[What you have to do] The following data needs to be repeated exactly, with all images excluded.

[Data shown]

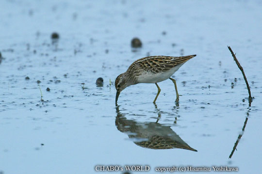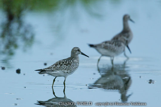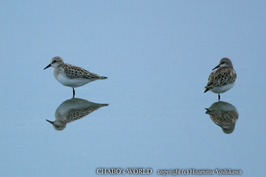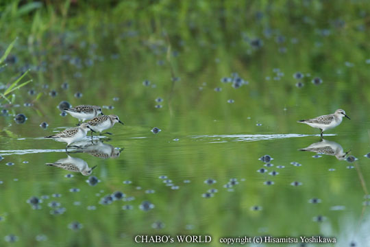 ![]() トウネンの群れと一緒に居たヒバリシギ |
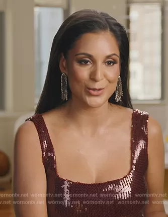Jessel Taank on The Real Housewives of New York City on Bravo was spotted wearing this burgundy sequin confessional top on The Real Housewives of New York City on episode 'New Era, New York' (14x01) in Jul 2023. Jessel's Top is the Beating Heart Crop Top by Galvan.
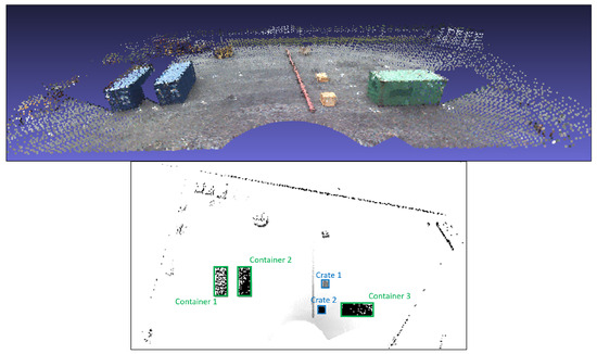 Colored 3D LiDAR measurements captured by the 3DWI system at a test site with three containers (top) and the constructed DEM (bottom) with the segmented containers (green) and wooden crates (blue).
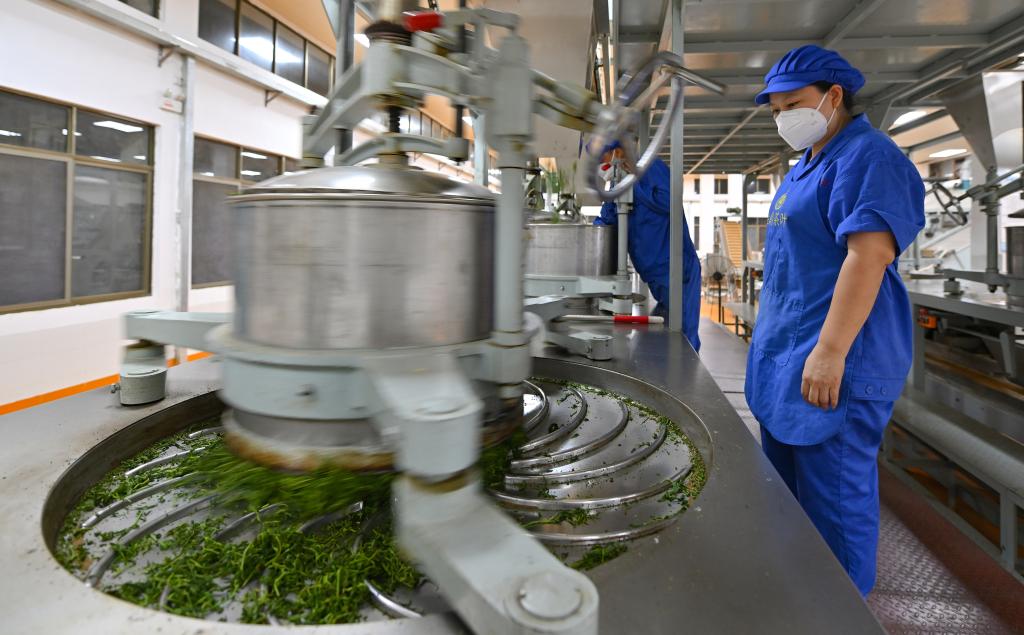 6月7日,工人在海南省农垦五指山茶业集团股份有限公司保亭金江五指山分公司茶厂加工茶叶。

[The completed task]
 ![]() トウネンの群れと一緒に居たヒバリシギ |
Jessel Taank on The Real Housewives of New York City on Bravo was spotted wearing this burgundy sequin confessional top on The Real Housewives of New York City on episode 'New Era, New York' (14x01) in Jul 2023. Jessel's Top is the Beating Heart Crop Top by Galvan.
 Colored 3D LiDAR measurements captured by the 3DWI system at a test site with three containers (top) and the constructed DEM (bottom) with the segmented containers (green) and wooden crates (blue).
 6月7日,工人在海南省农垦五指山茶业集团股份有限公司保亭金江五指山分公司茶厂加工茶叶。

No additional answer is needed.